======== INFORMATION SUPPLIED ========

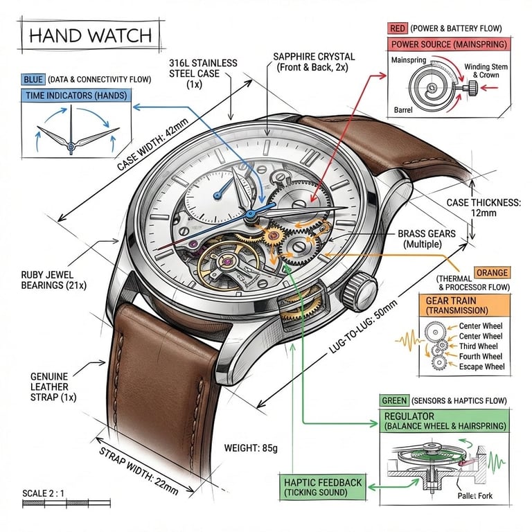 A template prompt for creating a technical infographic of any object, using a 45-degree isometric 3D perspective, combining photorealism with black ink annotations and color-coded arrows for function/flow.
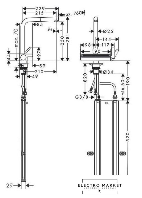 Поворотный излив | 60 ° (или 110° или 150°) |
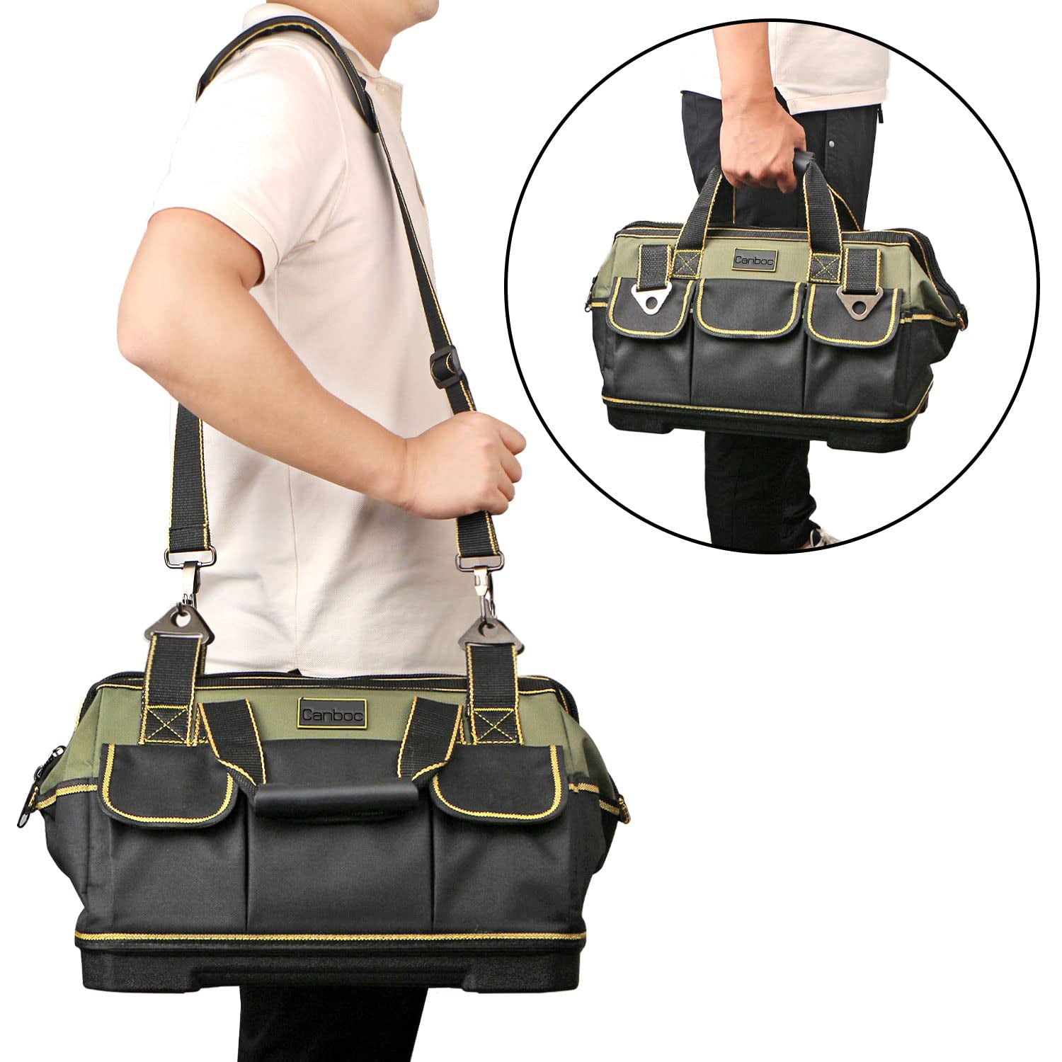 - 【Easy to Carry】- The tool bag comes with a shoulder strap and a soft padded handle, suitable for use in different work environments, easy to carry, and can effectively relieve hand fatigue and shoulder pressure.

========

- EXERCISE DETAILS:
If the data includes images, omit them, and set down everything else exactly as above.

- ANSWER BOX:
 A template prompt for creating a technical infographic of any object, using a 45-degree isometric 3D perspective, combining photorealism with black ink annotations and color-coded arrows for function/flow.
 Поворотный излив | 60 ° (или 110° или 150°) |
 - 【Easy to Carry】- The tool bag comes with a shoulder strap and a soft padded handle, suitable for use in different work environments, easy to carry, and can effectively relieve hand fatigue and shoulder pressure.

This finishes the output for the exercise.